How can we learn to heal in a COVID normal world? This year’s Refugee Week (19 to 25 June) theme is ‘healing’, with the Refugee Council of Australia recognising that ‘COVID has afforded us a once-in-a-lifetime opportunity to hit the reset button on how we behave towards one another’. Vanbawi Thawng, Bi-cultural Worker with the Bicultural Work Program, and Mel Block, Program Facilitator with the Refugee and Asylum Seeker Health Team, discuss what the theme means for their programs and how relations with these communities can move forward.
Part of the Refugee Health Team, cohealth’s Bicultural Work Program consists of community members from refugee-like backgrounds who have graduated from the bicultural internship program. They use their network connections and understanding of different cultural perspectives to identify and advocate for community needs, lead engagement and co-design, review materials for cultural accessibility, and deliver community-led projects.
Vanbawi, an accomplished worker from the Falam Chin community, emphasises the importance of the relevant sectors listening to those of lived experience, especially from the CALD [culturally and linguistically diverse] community. “They’ve recognised the need for people with experience, who know the inside story of these communities and how they relate to each other. It’s important that we keep working on that, building that relationship, and providing that space.”
“We must ask: what does it mean to truly welcome people into our country?”
“We have to reflect deeply around what healing means,” says Mel, who touches on the precarious role of government and politics. “There are structures within our society that have hindered the agency and wellbeing of people from refugee backgrounds and those seeking asylum. A lot was learned through COVID at a state level, but less at a federal level. How can we heal with a lack of government support? And with things like institutional racism, we must ask: what does it mean to truly welcome people into our country?”

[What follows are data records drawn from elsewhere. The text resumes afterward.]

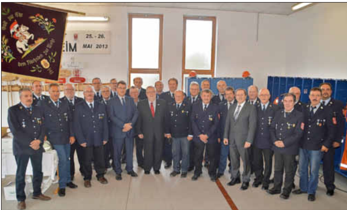
27 Feuerwehrleute erhielten beim Tag der offenen Tür der Freiwilligen Feuerwehr Uffenheim für ihre 40-jährige Dienstzeit das Ehrenzeichen in Gold.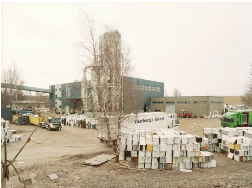
På 1970-talet uppfördes en försöksanläggning för automatisk sopsortering. Soporna kom från söföbränningsanläggningen via transportbandet till vänster i bild. Senare användes anläggningen för att omhänderta kylskåp för återvinning, en funktion som byggnaden har även idag. Källa Tekniska muséet. Fotograf Nisse Cronstrand. 2003.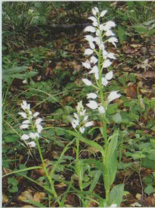
Schwertblättriges Waldvögelein Cephalanthera longifolia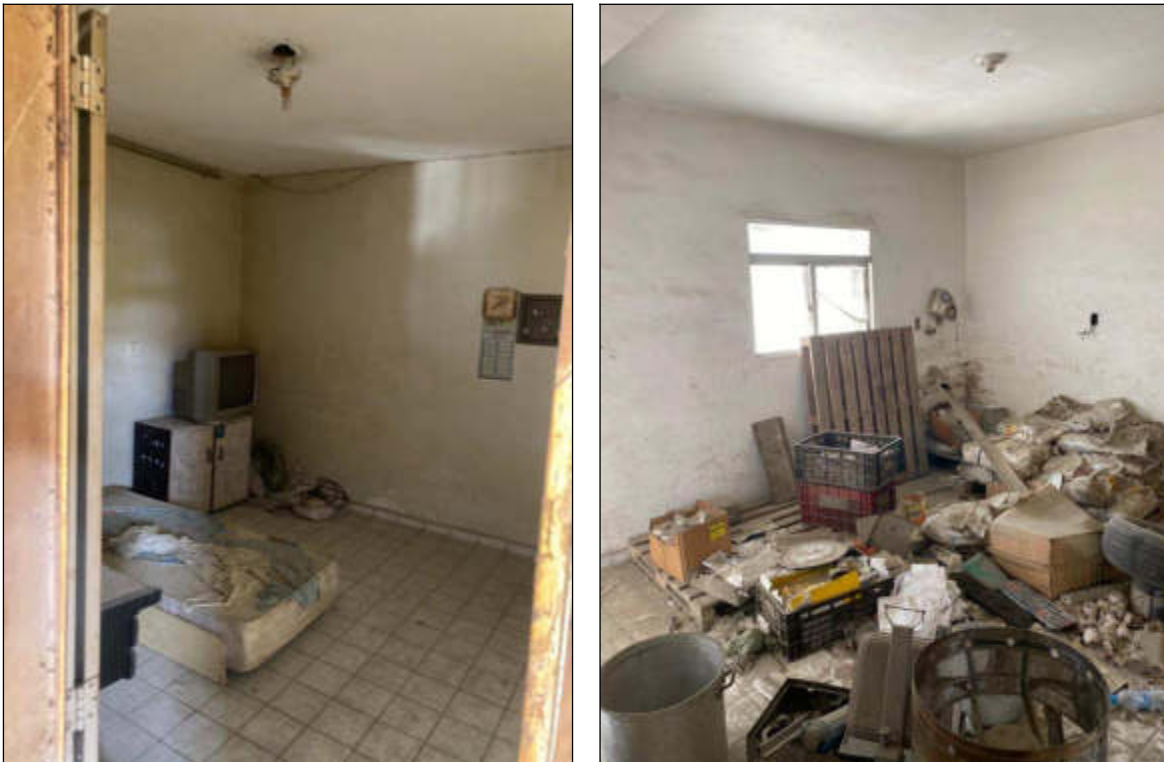
Figura 7 e 8 - segundo pavimento: salas 01 e 02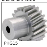
PHG15 Engrenage hélicoïdal axes parallèles de précision, Acier 35NCD6 prétraité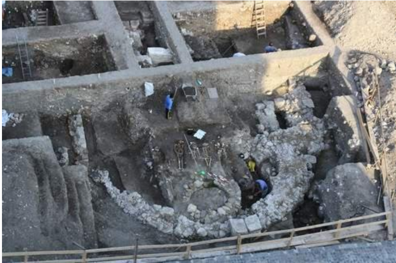
Detaliuabsidă + fundații corpbiserică („Rotonda” ortodoxă) de secol X descoperită la Alba Iulia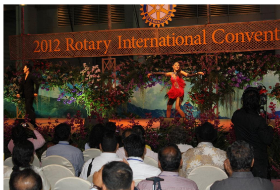
la convention à Bangkok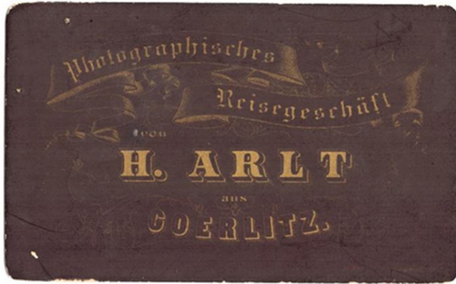
Vor- und Rückseite einer Fotografie aus dem fotografischen Atelier von Heinrich Artl. 70er Jahre des 19. Jhd.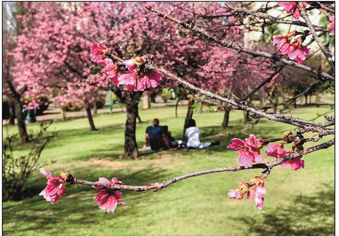
A praça das Cerejeiras, sem dúvidas, deve ser um dos pontos mais bonitos de Indaiatuba. As mudas da planta foram plantadas, em 2005, na praça Roque Torce Filho, por iniciativa de uma indústria de automóveis japonesa, e desde então todo inverno a praça se enche de flores e beleza

Esta foi uma semana de vergonha para todos os jornalistas que possuem um pingo de decência e primor ético. E para nós, enquanto humanidade, isso deveria valer como reflexão, pois, como disse o Mestre: “faça aos outros aquilo que gostaria que fizessem para ti”.

Working with a survivor of Saddam Hussein’s brutal regime in Iraq many years ago, Mel was introduced to both ‘the depths humanity can descend to, and the amazing resilience shown when working through painful trauma’.
“I was amazed by his ability to just put one foot in front of the other, and to keep going. You try to place yourself in that situation, and you can’t even imagine what it would be like. We can step alongside someone in their healing journey, wherever it takes them, and honouring that they’re here with us at all, because that’s pretty extraordinary.”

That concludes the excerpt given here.